Le nœud de la crise est social, mais il renvoie directement à des choix de pilotage. Les grévistes évoquent une dette salariale supérieure à 19 mois d'impayés, couvrant la période 2019-2025, ainsi que des manquements sur les cotisations sociales et certaines obligations envers des agents admis à la retraite. Le mouvement conteste également des décisions de gestion des ressources humaines, notamment l'arrivée de 33 nouveaux employés et stagiaires, jugée inopportune dans un contexte où l'entreprise peine déjà à honorer ses engagements financiers courants.

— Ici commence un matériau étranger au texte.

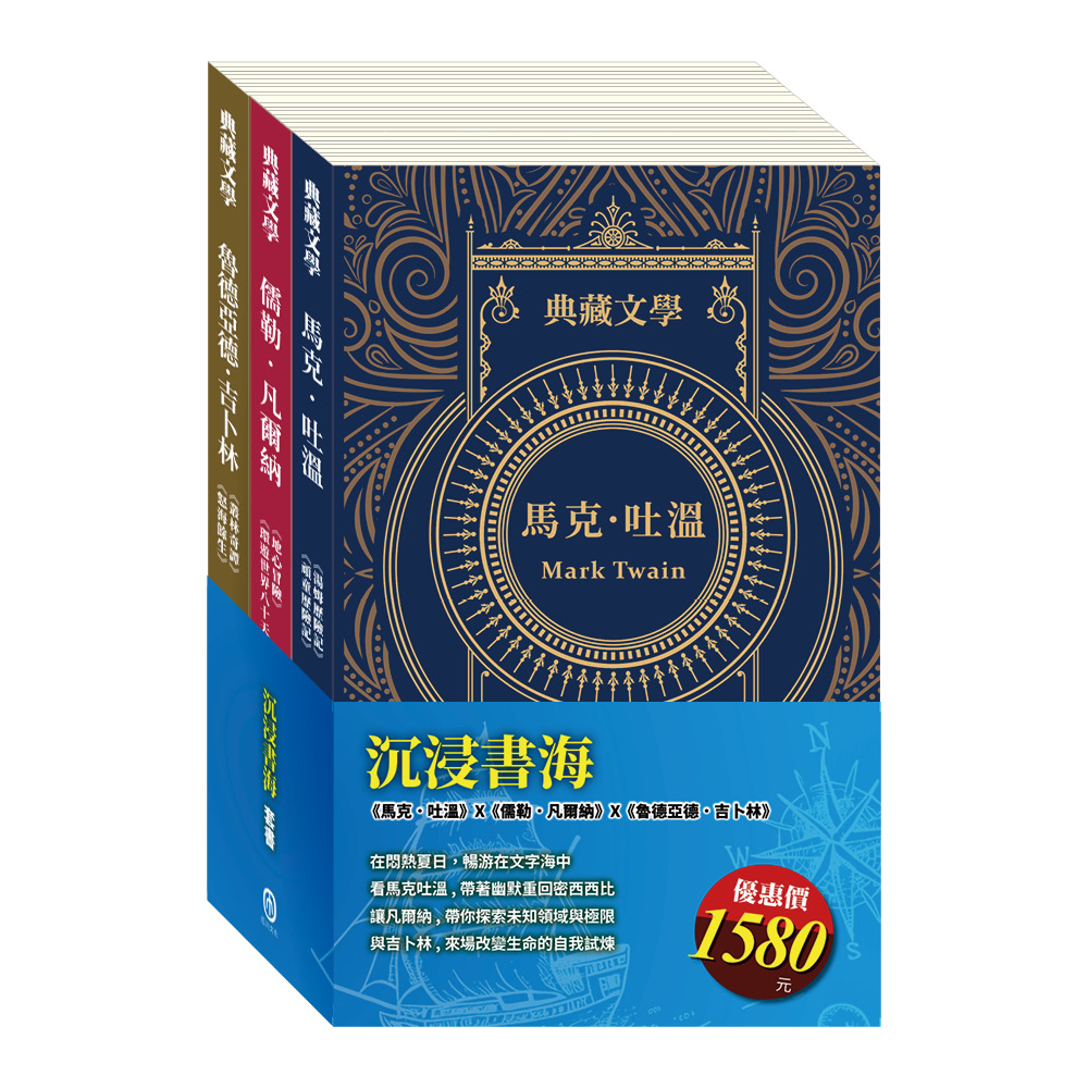 內容簡介 沉浸書海 套書 在悶熱的夏日午後,你是否曾想跳下文字海中,暢游其中 讓我們與馬克吐溫一起帶著幽默重回密西西比 看看吉卜林如何改變生命的自我試煉 還有凡爾納帶你探索未知領域與極限 三本精裝好書,看看文學大師的六則故事 燙金文字精裝本,輕巧小書帶著走, 搭配親子共讀學習單,閱讀隨身帶著走。 馬克.吐溫Mark Twain:湯姆歷險記&頑童歷險記 《湯姆歷險記》 湯姆是最調皮又有魅力的男孩。 被罰刷牆能讓其他孩子心甘情願為他工作。 辛苦背誦才能得到的聖經,他不費吹灰之力就拿到手。 策劃了一場與朋友們的葬禮,惹得家人傷心難過。 調皮搗蛋的他卻也會在關鍵時刻挺身而出,化解冤獄伸張正義! 且看湯姆跌宕起伏的日常生活,他是如何從大家眼中的頑皮孩子,成為眾人欽佩的小英雄呢? 《頑童歷險記》 不愛受家庭與規矩束縛的孤兒哈克與想要找回自由回歸故鄉的黑人朋友吉姆。 沿著密西西比河順流而下,偶遇自稱「國王」與「公爵」的兩個大騙子。 接踵而至的麻煩、道德與倫理的掙扎、朋友遭綁被賣的困境。 哈克該如何解決這一系列的麻煩?湯姆的加入又會為帶來什麼轉機? 吉姆最後能順利回到故鄉嗎? 儒勒.凡爾納Jules Gabriel Verne:地心冒險&環遊世界八十天 《地心冒險》 德國地質教授李登布洛克意外得到記載盧恩文密碼的古書,侄子阿賽克將其內容破解出來,發現能震驚全球的巨大事件:有人去過地心,並且平安回來! 地心內到底有什麼?強烈的好奇心與求知的探索慾望,促使叔侄二人前往線索指引的冰島,並結識了聰慧勇猛的嚮導漢斯。 冰島群山陡峭的兇險、火山口內錯綜複雜的地道、水源匱乏的瀕死感、三人走散的恐慌、地底大海的壯闊、兇猛廝殺的海獸之爭……這趟旅程到底會帶來多少驚喜和刺激? 他們能順利抵達地心嗎?沿途會遇到多少棘手的困境?三人又該如何平安回到地面? 《環球世界八十天》 英國紳士福克先生是個循規蹈矩的人,他對時間的掌控如同鐘錶般準確。 但這次的福克先生不一樣,他在俱樂部賭上所有財產,賭約是自己可以在八十天內環遊世界一周! 沒有飛機的十九世紀,福克先生只能依靠他精準掌握時間的優勢,將沿途的路程安排妥當,火車、輪船、引水船,甚至是大象!各種交通工具輪番上場。 旅途中也不是事事稱心如意,海上暴風雨、勇闖殉葬儀式拯救夫人、印度僧侶的法庭控告、美國印地安人搶劫火車、僕人路路通的神祕失蹤……福克先生最後能否化險為夷,成功橫跨歐非亞美四大洲?又或是超過八十天期限,痛失全部家產,遺憾失敗? 魯德亞德.吉卜林 Rudyard Kipling:叢林奇譚&怒海餘生 《叢林奇譚》 男孩毛克利被狼群扶養長大,狼群是他的父母兄弟,熊和黑豹是他的老師,蟒蛇是他忠實的朋友,他在野獸們的教導與守護下長大,學會各項技能與叢林的法則。毛克利與他的叢林夥伴們,一起逃脫猴民的挾持、手刃邪惡老虎希爾汗、智取擊退豺狼大軍……叢林生活精彩又刺激。 直到有天他走出森林,進入人類社會,他找到母親,感受到母親的愛,但被野獸扶養長大的他,在人類眼中宛如異類,不被居民們接納。但身為人類的他,仍渴望著人類母親的愛,面對來自同族的惡意,毛克利該如何應對?他又如何在叢林之王和人類身分做出取捨? 《怒海餘生》 驕縱任性的貴公子哈維在搭乘豪華郵輪的途中,因為自己的任性與大意而意外落水。當他再次醒來時,是躺在充滿魚腥味的漁船「在那兒號」上,這一跌,讓他的生活從紙醉金迷掉到了波瀾壯闊的陌生世界中。 急於回家卻無法證實身分的哈維,沒有高貴的身分和金錢的倚仗,只能待在過去鄙夷過的漁船上生活,與漁民們同吃同住,並為了每月十元美金的酬勞,在船上打掃、捕魚。這段奇遇與天翻地覆的生活體驗會帶給哈維怎樣的影響?他又如何從驕縱任性的男孩,蛻變成堅強可靠的領導者?

La CNNII constitue pourtant un maillon logistique stratégique de l'économie gabonaise, assurant la liaison maritime entre Libreville et Port-Gentil, le transport de marchandises essentielles et la mobilité des personnes entre les deux principaux pôles économiques du pays. Toute perturbation de son activité fragilise les chaînes d'approvisionnement, renchérit les coûts logistiques et pèse sur les prix des biens et services, dans un contexte déjà marqué par des tensions sur les carburants et le gaz.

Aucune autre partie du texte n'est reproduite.